Взрослый — существо, пресыщенное познанием. Мы чаще получаем знание в связи с необходимостью, чем в связи с порывом. И хотя взрослые люди тоже играют в какие-то игры, а порой и получают от этого удовольствие, в этом всегда таится нечто грустное — осознание ограниченности своих возможностей и конечности игрового процесса, его вписанности в «нормальную» жизнь. Игра уже не воспринимается как нечто постоянное. А заявления наподобие «Вся наша жизнь — игра» воспринимаются многими со здоровой долей скепсиса, который связан с пониманием того, что к этой игре взрослый относится серьёзно, а также с тем, что переиграть жизнь не получится, ровно как и отыграться.
Всегда воспринимала постмодерную литературу как попытку доктора Хауса сходить на дискотеку. Писатели выделывают коленца, облачаются в подходящую одежду, включают музыку, делают вид, что им неважно, что они временами нелепы, а ещё — что всё именно так и задумывалось. Тем не менее, пастиш, деконструкции, подобия, отсылки и симуляции нередко выглядят как игра взрослого мужчины или женщины в кубики. В этом процессе самое важное — не кубики и то, что с ними происходит, а само заявление «Я играю». Читатель, соответсвенно, имеет возможность приобщиться к этому высказыванию.
«Носорог для Папы Римского» — типичный постмодернистский текст. Лоуренс Норфолк играет в нем в историю. Эта книга пытается прикидываться приключенческим романом, но читатель имеет возможность почти сразу осознать, что это — игра в приключенческий роман и игра в исторический текст.
В краковском Национальном музее есть зал с работами польских художником второй половины ХХ века. В нем на стене есть вопрос о том, может ли искусство ничего не выражать. Ответ у людей будет разным. Точно так же и о «Носороге для Папы Римского» кто-нибудь обязательно скажет, что это бессмыслица, которая не выражает ничего.
Тем не менее, человек устроен так, чтоб искать смыслы. Мы иначе не может. И я бы сказала, что человек — не столько прямоходящее или мыслящее существо, сколько существо интерпретирующее. Именно это объясняет то, почему одни люди создают постмодерные работы, а другие ими наслаждаются.
«Носорог для Папы Римского» — находка для интерпретатора. Если хочется сыграть в умствование — вы по адресу.
Для начала читателю предстоит определиться, кто будет для него главным героем — язычник Сальвестро, Папа, приор монастыря, рабыня из далекой страны или сельд-каннибал. Прочитать книгу можно с любой из этих позиций. И раскрываться она будет всегда по-разному. Так что текст вполне подходит для того, чтоб читать его в тюрьме, на необитаемом острове или в деревне. То есть в каком-то месте, где у вас немного книг, но есть время для чтения.
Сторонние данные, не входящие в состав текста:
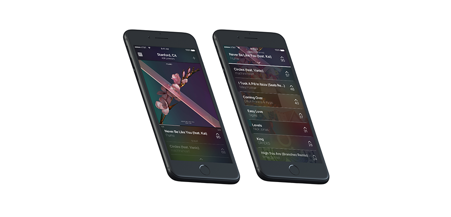 The problem with connecting a personal device to a shared sound system is that bias always occurs when sharing music - someone who loves rap has a higher tendency to play rap, and the same happens with fans of other genres like EDM, alternative, or showtunes. That might not be a problem if everyone has the same music tastes, but in a diverse world with fluctuating moods and feelings, that simply doesn't happen. Moreover, with a single connection, this means it is nearly impossible for everyone to have the opportunity to share the music that they wanted to listen to. Frequently, we noticed that listeners that were disappointed with the music being played in their environment often felt tempted to (and in some cases, actually did) unplug the currently playing device and replace it with their own, creating a discontinuous stream of music that ultimately resulted in some bitter feelings between members of the same community. We wanted to tackle this problem and reimagine new ways music could be shared socially.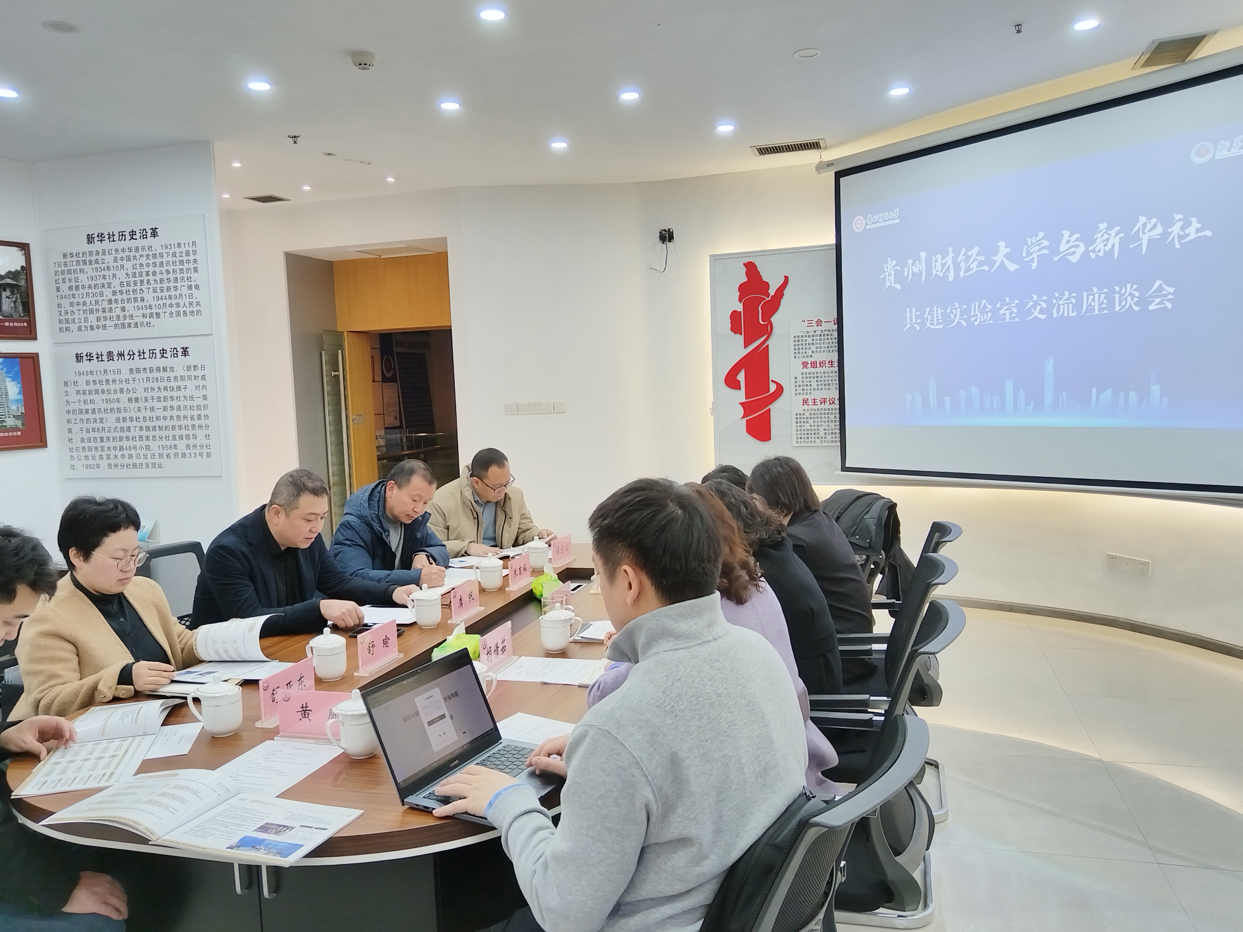 党委书记虞帆一行赴新华社贵州分社座谈交流。新华社贵州分社副社长、分党组成员王丽出席并讲话,新华社中国经济信息社贵州经济研究中心副主任胡倩茹主持。
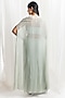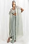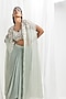 Featuring a sage green cape in organza base with glass beads, pearl, sequins and floral applique hand-embellishments. It is paired with matching georgette embellished choli and a draped skirt. The set includes three pieces.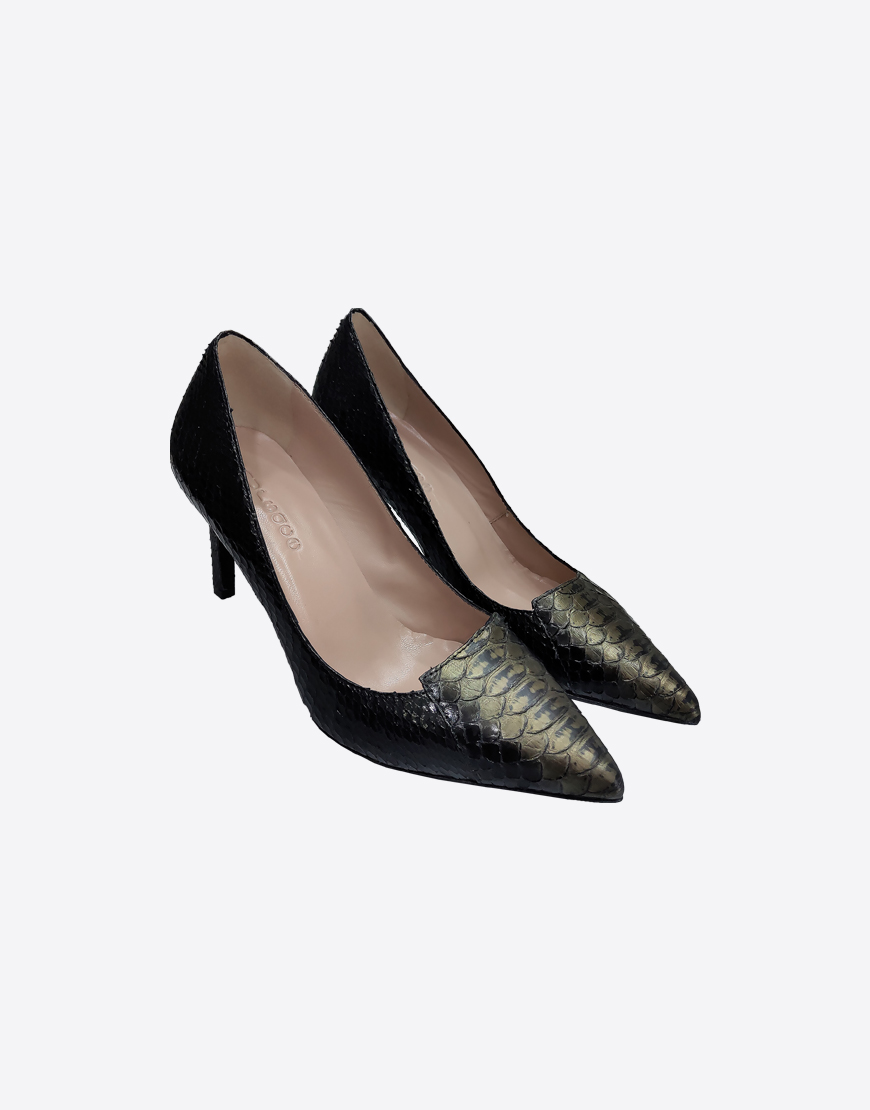 Nursace туфли в чёрно сером питоне классические на среднем каблуке

В национальных парках есть маркировки туристических дорог. Можно выбрать для себя маршрут подходящей длины и сложности. «Носорог для Папы Римского» — местность только с длинными маршрутами. Но не все они так уж сложны.
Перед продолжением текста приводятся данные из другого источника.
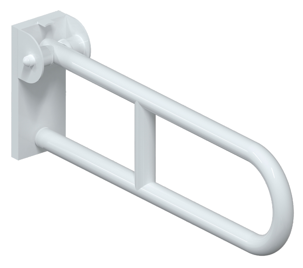 Barra de seguridad desmontable de 620 mm, tipo abatible, con bloqueo embrague de bloqueo vertical y sistema antiaccidentes.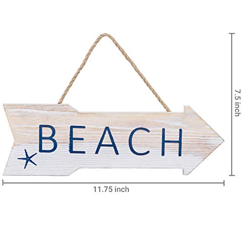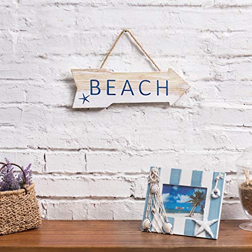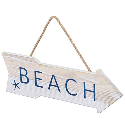 Point the beach with this decorative ocean inspired sign. Featuring a cutout wooden arrow and distressed whitewash finish with BEACH blue lettering and starfish, this sign is sure so as to add an island feel to any room in the home. A twisted just Most sensible rope allows for instant hanging on correct mounting hardware (mounting hardware now not included).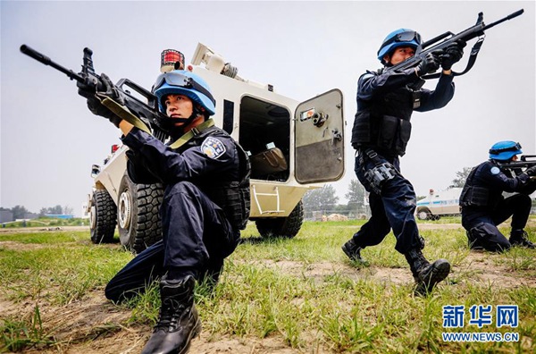 在考核現場,聯合國考官對隊員們在硝煙彌漫的實戰環境下所展現出的專業素養、精湛技能、靈活戰術、頑強作風給予了高度評價。從3月初開始,常備維和警隊第二期培訓班隊員按照更嚴標準,在中國維和警察培訓中心接受了為期4個月的強化集訓。期間,警隊立足“常備、應急、用之必勝”的職能定位,針對聯合國賦予的新增職能和任務區日趨嚴峻復雜的形勢,重點開展了對聯合國新政策的學習研究,加強了遭遇戰、運動戰、防御戰等戰術戰法實訓,在要人警衛、車輛查控、小組戰術、人群控制等傳統演練科目的基礎上,新增營區防御、特警、刑偵、社區警務等新內容,開展系統完整、獨具特色的實兵實裝模擬對抗演練,致力于樹立維和警察防暴隊甄選考核成績的新標準,打造中國常備維和警隊的亮點品牌。
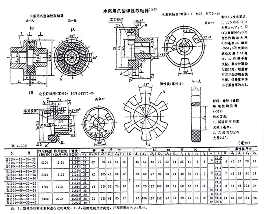 泵用爪型聯(lián)軸器的基本參數(shù):

Если вам захочется отправиться в путь, который потребует от вас альпинистского снаряжения — задайтесь вопросом о том, что есть исторический факт и где грань между историей и литературой. Подумайте, когда историк становится литератором и наоборот. Для этого вам потребуется разобраться в особенностях функционирования Папского двора, историей Италии, Испании и Португалии. Идя по этой дороге, читатель также сможет ответить себе на вопрос, какие приёмы необходимо использовать, что заставить других верить в подлинность ядра книги.
Если вы ходите прогуляться с небольшим рюкзаком и фотоаппаратом — следуйте за Сальвестро. Вас ждут вопросы о роли личности с истории, о том, сохраняет ли история личность как факт или же создаёт личность как миф. На этом пути вы сможете сделать на память сентиментальные снимки, изображающие одинокого человека, идущего по жизни с напарником, партнёром, бесконечно далёким в душевном плане, хотя и находящимся рядом. Вы запечатлите судьбу того, кто идёт за своей мнимой звездой — в поисках сокровищ затонувшего города, о котором рассказывала когда-то мама (читай — в поисках места, где можно быть как дома) и проходит через «подлинное» — ценности других: путешествует с разбойниками, ведёт монахов с острова в Рим, а потом назад на острова, плывет за носорогом для Папы. Сальвестро окружают желания разнообразных людей, часто спонтанные и нелепые. Его окружает одержимость и надежды других. В финале же этот герой уходит куда-то по льду да так и не возвращается. Печальный итог, если учесть, что его мечта — город под водой.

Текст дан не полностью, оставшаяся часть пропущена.